== INSTRUCTIONS TO FOLLOW ==
Look through the entries below for the line with "The project uses" and the line with "5年生は、神戸方面に出かけて", then give again exactly those two lines and all lines between them, minus the pictures.

== RECORDS FOR THE EXERCISE ==
◇ ◇ ◇ ◇

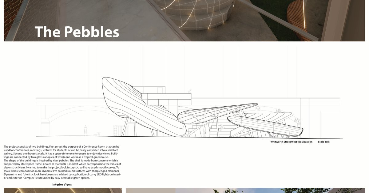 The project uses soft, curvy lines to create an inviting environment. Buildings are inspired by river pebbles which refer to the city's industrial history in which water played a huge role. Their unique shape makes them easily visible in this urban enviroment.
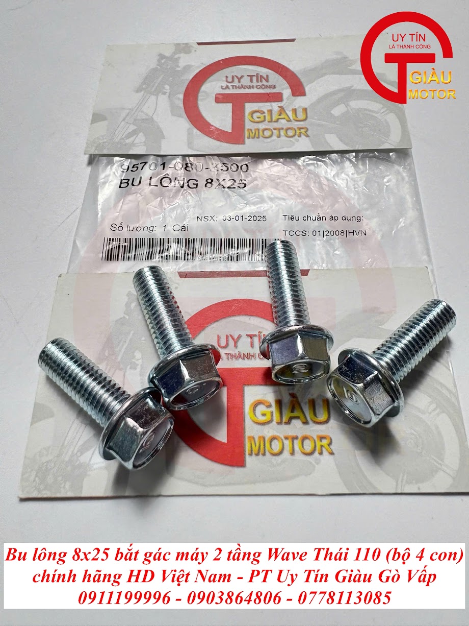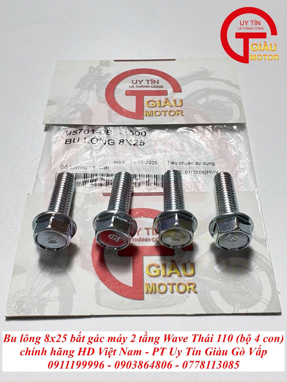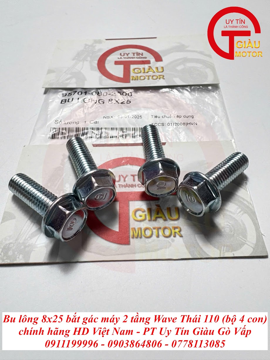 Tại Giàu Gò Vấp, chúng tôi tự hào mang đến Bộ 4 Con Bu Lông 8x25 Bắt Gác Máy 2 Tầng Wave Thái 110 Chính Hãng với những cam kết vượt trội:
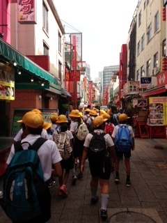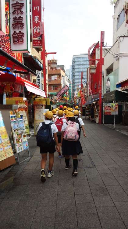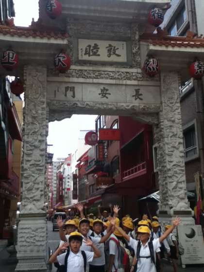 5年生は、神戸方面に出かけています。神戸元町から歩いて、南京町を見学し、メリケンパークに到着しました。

◇ ◇ ◇ ◇

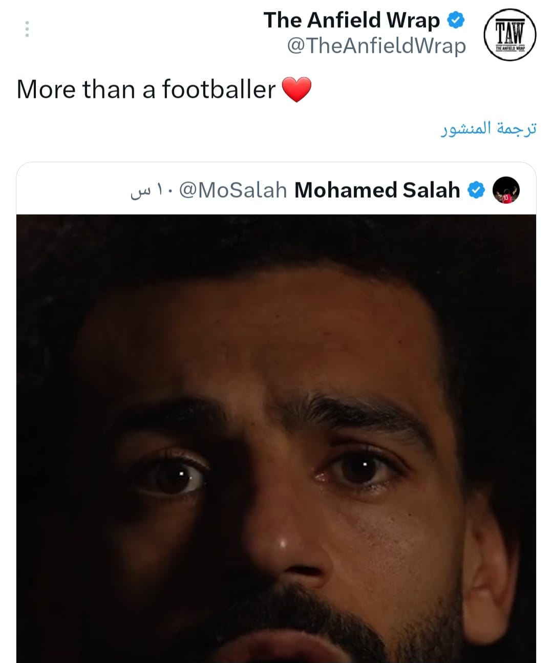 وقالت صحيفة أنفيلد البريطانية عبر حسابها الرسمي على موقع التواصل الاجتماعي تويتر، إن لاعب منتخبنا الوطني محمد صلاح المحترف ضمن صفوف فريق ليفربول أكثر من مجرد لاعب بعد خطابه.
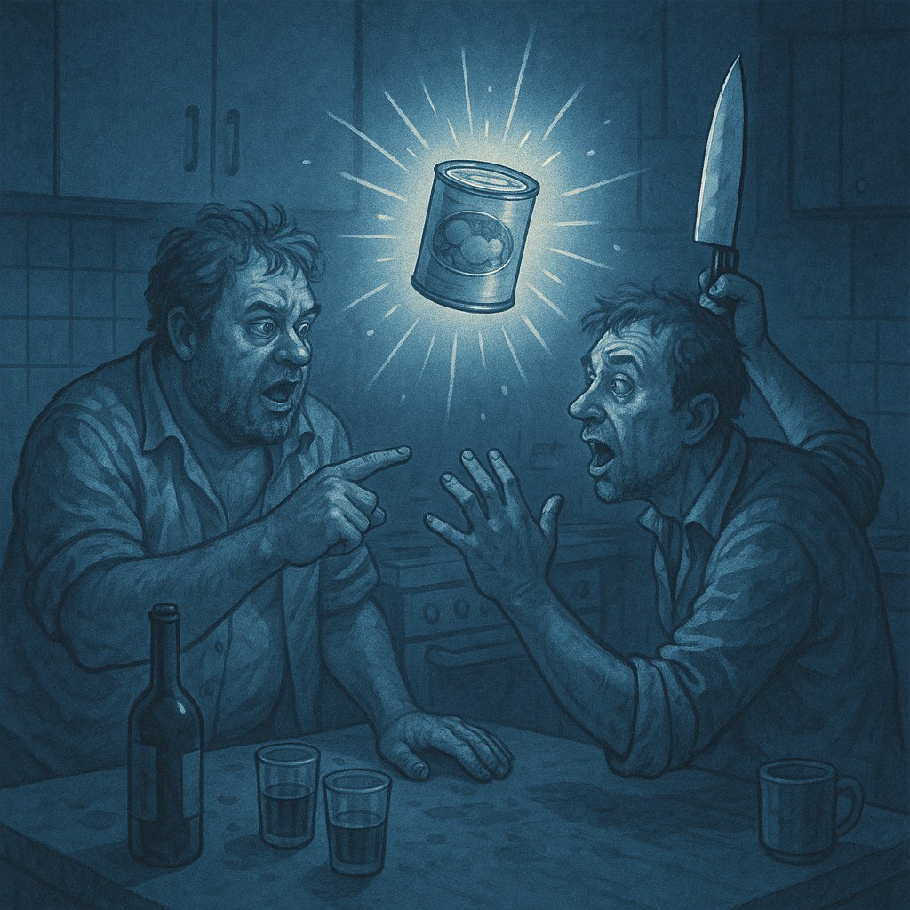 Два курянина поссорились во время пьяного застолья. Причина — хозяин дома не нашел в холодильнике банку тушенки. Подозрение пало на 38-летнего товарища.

◇ ◇ ◇ ◇

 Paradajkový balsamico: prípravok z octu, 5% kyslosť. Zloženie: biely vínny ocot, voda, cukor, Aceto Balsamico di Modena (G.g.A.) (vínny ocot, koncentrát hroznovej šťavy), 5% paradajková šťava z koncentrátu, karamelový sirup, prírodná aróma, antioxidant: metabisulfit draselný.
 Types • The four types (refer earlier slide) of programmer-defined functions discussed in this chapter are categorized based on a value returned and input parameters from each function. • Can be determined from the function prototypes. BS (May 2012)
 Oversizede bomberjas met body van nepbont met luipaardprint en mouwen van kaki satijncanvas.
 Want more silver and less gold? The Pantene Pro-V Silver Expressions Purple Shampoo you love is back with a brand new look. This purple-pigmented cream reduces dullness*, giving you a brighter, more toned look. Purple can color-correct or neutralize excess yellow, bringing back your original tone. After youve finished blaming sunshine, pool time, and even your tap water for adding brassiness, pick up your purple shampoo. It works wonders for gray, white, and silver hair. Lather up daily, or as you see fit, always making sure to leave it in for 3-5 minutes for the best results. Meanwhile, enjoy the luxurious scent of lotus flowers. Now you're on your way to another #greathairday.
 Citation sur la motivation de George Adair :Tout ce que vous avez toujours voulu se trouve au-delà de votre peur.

◇ ◇ ◇ ◇

== WRITTEN RESPONSE ==
 The project uses soft, curvy lines to create an inviting environment. Buildings are inspired by river pebbles which refer to the city's industrial history in which water played a huge role. Their unique shape makes them easily visible in this urban enviroment.
 Tại Giàu Gò Vấp, chúng tôi tự hào mang đến Bộ 4 Con Bu Lông 8x25 Bắt Gác Máy 2 Tầng Wave Thái 110 Chính Hãng với những cam kết vượt trội:
 5年生は、神戸方面に出かけています。神戸元町から歩いて、南京町を見学し、メリケンパークに到着しました。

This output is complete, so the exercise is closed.